The required output is every line from the one containing "Tavşan Su Matarası" through the last line of the listing below, copied exactly, pictures excluded.

RECORDED INFORMATION:
***

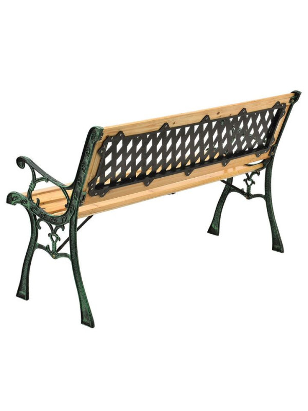 Robustná konštrukcia z lakovaného dreva a liatiny zaručuje dlhú životnosť a odolnosť voči poveternostným vplyvom. Lavica je navrhnutá tak, aby sa ľahko montovala a udržiavala, pričom pevné spojovacie prvky zabezpečujú stabilitu. Praktické podrúčky prispievajú k pohodliu sedenia.
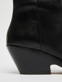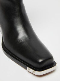 DETAILS Cowboy boots in low-sheen calfskin with an internal zip and square toe. The protruding welt and shaped heel are completed by a metallic band on the front. COMPOSITION AND CARE Upper in calf; lining in lamb leather; sole in leather. Distributed by Max Mara S.r.l., registered office in Reggio Emilia (Italy), Via Giulia Maramotti 4, 42124 (IT)
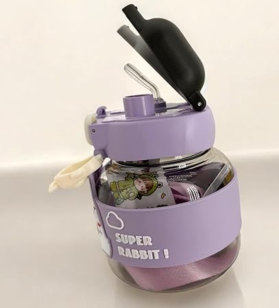 Tavşan Su Matarası Boyun Askılı Suluk Renkli Çizgi Film ve Desenli Karakterler Çocuklara Özel Taşıması Kolay Okulda Piknikde Kullanıma Uygun 1 Litre CRK3 (Mor)
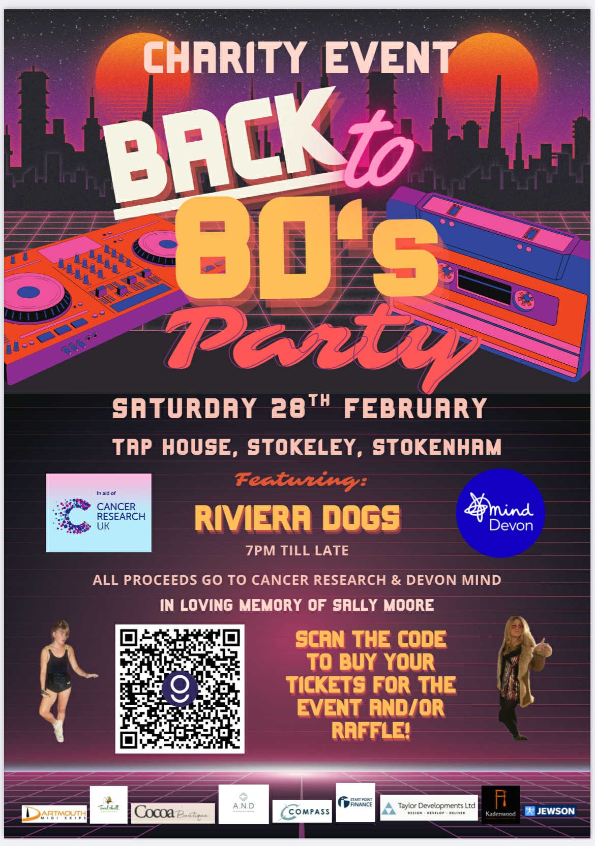 Charity Event – Back to 80’s Party. An unforgettable 80’s Charity Night in aid of Devon Mind and Cancer Research. Ticketed event. Purchase tickets and find out more here: https://gvwhl.com/V816W

***

REPLY TO THE EXERCISE:
 Tavşan Su Matarası Boyun Askılı Suluk Renkli Çizgi Film ve Desenli Karakterler Çocuklara Özel Taşıması Kolay Okulda Piknikde Kullanıma Uygun 1 Litre CRK3 (Mor)
 Charity Event – Back to 80’s Party. An unforgettable 80’s Charity Night in aid of Devon Mind and Cancer Research. Ticketed event. Purchase tickets and find out more here: https://gvwhl.com/V816W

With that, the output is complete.